Sold in six continents, Israeli Medjool variety enjoys 35% global market share. Total date exports expected to reach $60 million in 2012
it all began with the Medjool, a Moroccan date which moved to California, immigrated to Israel, and now has a 60% share in the Israeli date market. Thanks to the Medjool, Israel conquered the global date market as well.
"Today, Israeli dates can be bought in six different continents," says Chez Almog, marketing vice-presidents of Hadiklaim, Israel's leading palm growers cooperative.
Some 8 million tons of dates are grown in the world every year. About 95% of them are eaten "under the tree" and don’t even reach the market, explains Hadiklaim's accountant, Ramy Sharaby.
Of the 5% that are marketed, 90% of the dates are used for industrial purposes – Cakes, sauces, jams, etc – and another 5%, about 100,000 tons a year, are directed to the premium eating market.
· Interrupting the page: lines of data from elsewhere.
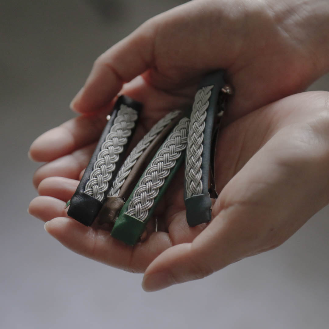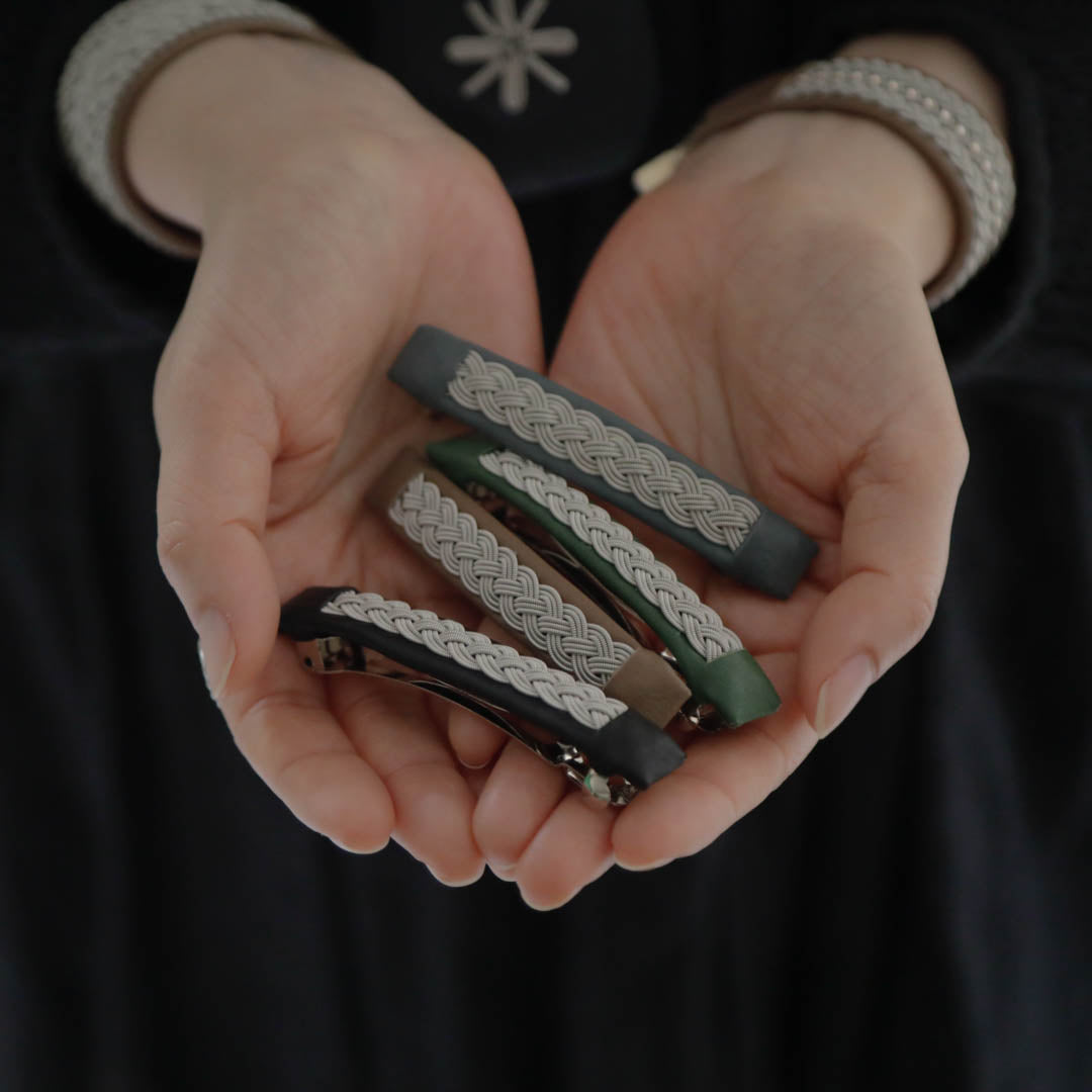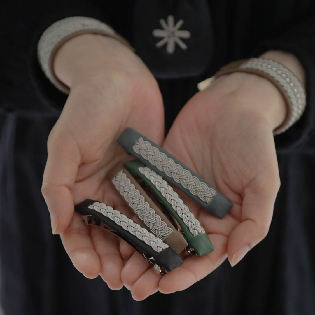 バレッタBRT001は、3本取りの錫糸を使った四つ編みデザイン。パチンと留めるだけで、素敵な雰囲気に見せてくれます。サイズは使い勝手のよい8cmです。
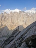 ponedeljek, 8. julij: Druženje. Plezanje smeri Contrefort d'Ortutyubek, A better world, 6c, 350 m, vrh 3895 m. Spust po vrvi po smeri. Vreme deževno.
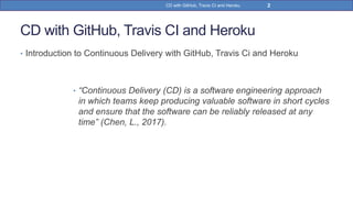 This document provides a step-by-step guide on implementing Continuous Delivery (CD) using GitHub, Travis CI, and Heroku for a Spring Boot application. It covers project setup, creating necessary configuration files, and ensuring CI/CD is properly configured for automatic deployments. Additionally, security measures for handling API keys and creating a Procfile for Heroku deployment are discussed.

"In this small market, the lead player is the Medjool, and its average price is 10 times higher than the price of a simple date," says Sharaby. "We have a share of about 35% of the Medjool global market."Date harvest includes 30,000 tons of nine varieties
This wasn't always the case. Until 1982, dates were grown in Israel in several areas, and semi-state owned company Agrexco was in charge of marketing. Four groups of palm growers were unsatisfied with the marketing efforts and decided to unite and set up a joint organization, Hadiklaim. Almog, who was the manager of the Arava packing house, was appointed marketing vice-president.
"After we began planting in the Arava region, a number of dates increased and the marketing was insufficient for the growth forecast," he says. "Agrexco's methods were unsuitable and we felt that we had to find the niche which matches our product. We are experts on dates."
Hadiklaim's initial goal was to improve the marketing and the growers' economic dependence.
Until 1991, marketing efforts abroad were still in the hands of Agrexco, while the association dealt with the Israeli market and local growers. Following a rift in the relations with Agrexco, new rules were set between the two organizations. This is when the palm growers began exporting their own produce.
Since the Hadiklaim's establishment, the export of dates has skyrocketed by more than 1,000% in financial terms. "In 1982 we exported about 1,500 tons of dates for $4 million. In 2011 we went up to 7,000 tons for $60 million," says Almog.
This year, the organization estimates, the harvest will include 30,000 tons of nine varieties of dates, led by the Medjool and followed by Barhi dates with 3,500 tons, and Deglet Noor and Hayley dates with 3,000 tons each.
About 50% of the date harvest in Israel is exported, but due to its high quality, it is responsible for 75% of growers' income. Israeli dates reach almost every country in the world.
"The boycott is not presented as a boycott against us," says Almog. "We are approached by customers asking for Israeli produce only, and we supply them with the produce according to our commitment. Our work is legal and we don't deceive any of our customers."
Hadiklaim takes pride in the fact that it works with some 100 growers, including 60 cooperative enterprises and kibbutzim and dozens of private growers.
The date harvest season begins in late July and ends in October. There are three record sale periods: Rosh Hashana, Tu B'Shvat, and Passover, but the fruit can be found on store shelves all year long.